Are synthetic data better than real world data? The answer from my vantage point is, “It depends.” Fancy math can prove that for some use cases, synthetic data are “good enough”; that is, the data produce results close enough to what a “real” data set provides. Therefore, just use synthetic data. But for other applications, synthetic data might throw some sand in the well-oiled marketing collateral describing the wonders of synthetic data. (Some university research labs are quite skilled in PR speak, but the reality of their methods may not line up with the PowerPoints used to raise venture capital.)

This essay discusses a research project to figure out if a synthetic sample works or in my lingo if the synthetic sample is good enough. The idea is that as long as the synthetic data is within a specified error range, the synthetic sample can be used and may produce “reliable” or useful results. (At least one hopes this is the case.)

I want to focus on one portion of the cited article and invite you to read the complete Kantar explanation.

Here’s the passage which snagged my attention:

… right now, synthetic sample currently has biases, lacks variation and nuance in both qual and quant analysis. On its own, as it stands, it’s just not good enough to use as a supplement for human sample. And there are other issues to consider. For instance, it matters what subject is being discussed. General political orientation could be easy for a large language model (LLM), but the trial of a new product is hard. And fundamentally, it will always be sensitive to its training data – something entirely new that is not part of its training will be off-limits. And the nature of questioning matters – a highly ’specific’ question that might require proprietary data or modelling (e.g., volume or revenue for a particular product in response to a price change) might elicit a poor-quality response, while a response to a general attitude or broad trend might be more acceptable.

These sentences present several thorny problems is academic speak. Let’s look at them in the vernacular of rural Kentucky where I live.

First, we have the issue of bias. Training data can be unintentionally or intentionally biased. Sample radical trucker posts on Telegram, and use those messages to train a model like Reor. That output is going to express views that some people might find unpalatable. Therefore, building a synthetic data recipe which includes this type of Telegram content is going to be oriented toward truck driver views. That’s good and bad.

Second, a synthetic sample may require mixing data from a “real” sample. That’s a common sense approach which reduces some costs. But will the outputs be good enough. The question then becomes, “Good enough for what applications?” Big, general questions about how a topic is presented might be close enough for horseshoes. Other topics like those focusing on dealing with a specific technical issue might warrant more caution or outright avoidance of synthetic data. Do you want your child or wife to die because the synthetic data about a treatment regimen was close enough for horseshoes. But in today’s medical structure, that may be what the future holds.
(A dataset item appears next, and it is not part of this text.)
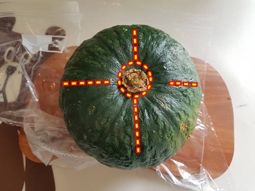 단호박을 썰때는 사진에서 처럼 네 등분을 하고 칼로 꼭지 부분을 제거하면 된다. 전자렌지에 돌려 물렁물렁한 상태이기에 칼로 써는데 힘이 많이 들어가지 않아 좋다.

Third, many years ago, one of the early “smart” software companies was Autonomy, founded by Mike Lynch. In the 1990s, Bayesian methods were known but some — believe it or not — were classified and, thus, not widely known. Autonomy packed up some smart software in the Autonomy black box. Users of this system learned that the smart software had to be retrained because new terms and novel ideas not in the original training set were not findable by the neuro linguistic program’s engine.  Yikes, retraining requires human content curation of data sets, time to retrain the system, and the expense of redeploying the brains of the black boxes. Clients did not like this and some, to be frank, did not understand why a product did not work like an MG sports car. Synthetic data has to be trained to “know” about new terms and avid the “certain blindness” probability based systems possess.
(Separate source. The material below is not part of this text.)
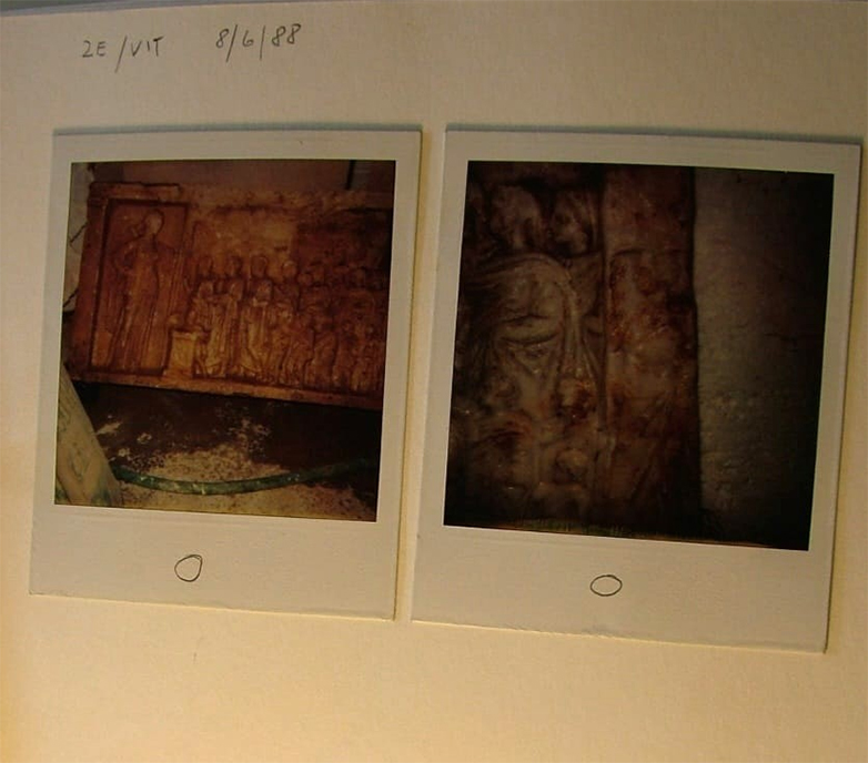 Σύμφωνα με την ανακοίνωση του ΥΠΠΟ, φωτογραφία του αναθηματικού αναγλύφου περιλαμβάνεται στο αρχείο του Gianfranco Becchina που κατασχέθηκε το 2002 στην γκαλερί του, στη Βασιλεία, έπειτα από κοινή επιχείρηση των ιταλικών και ελβετικών διωκτικών αρχών. Συγκεκριμένα, απεικονίζεται σε δύο polaroid φωτογραφίες (στη μία ολόκληρο, στη δεύτερη σε λεπτομέρεια). Πάνω από τις polaroid αναγράφεται η ημερομηνία 8/6/88 και τα αρχικά του Έλληνα διακινητή (ΖΕ/VIT). Το συγκεκριμένο αρχαίο αντικείμενο, σύμφωνα με τις ελληνικές δικαστικές Αρχές είναι προϊόν λαθρανασκαφής και διακινήθηκε παράνομα από την Ελλάδα.

Fourth, the topic of “proprietary data modeling” means big bucks. The idea behind synthetic data is that it is cheaper. Building proprietary training data and keeping it current is expensive. Is it better? Yeah, maybe. Is it faster? Probably not when humans are doing the curation, cleaning, verifying, and training.

The write up states:

But it’s likely that blended models (human supplemented by synthetic sample) will become more common as LLMs get even more powerful – especially as models are finetuned on proprietary datasets.

Net net: Synthetic data warrants monitoring. Some may want to invest in synthetic data set companies like Kantar, for instance. I am a dinobaby, and I like the old-fashioned Stone Age approach to data. The fancy math embodies sufficient risk for me. Why increase risk? Remember my reference to a dead loved one? That type of risk.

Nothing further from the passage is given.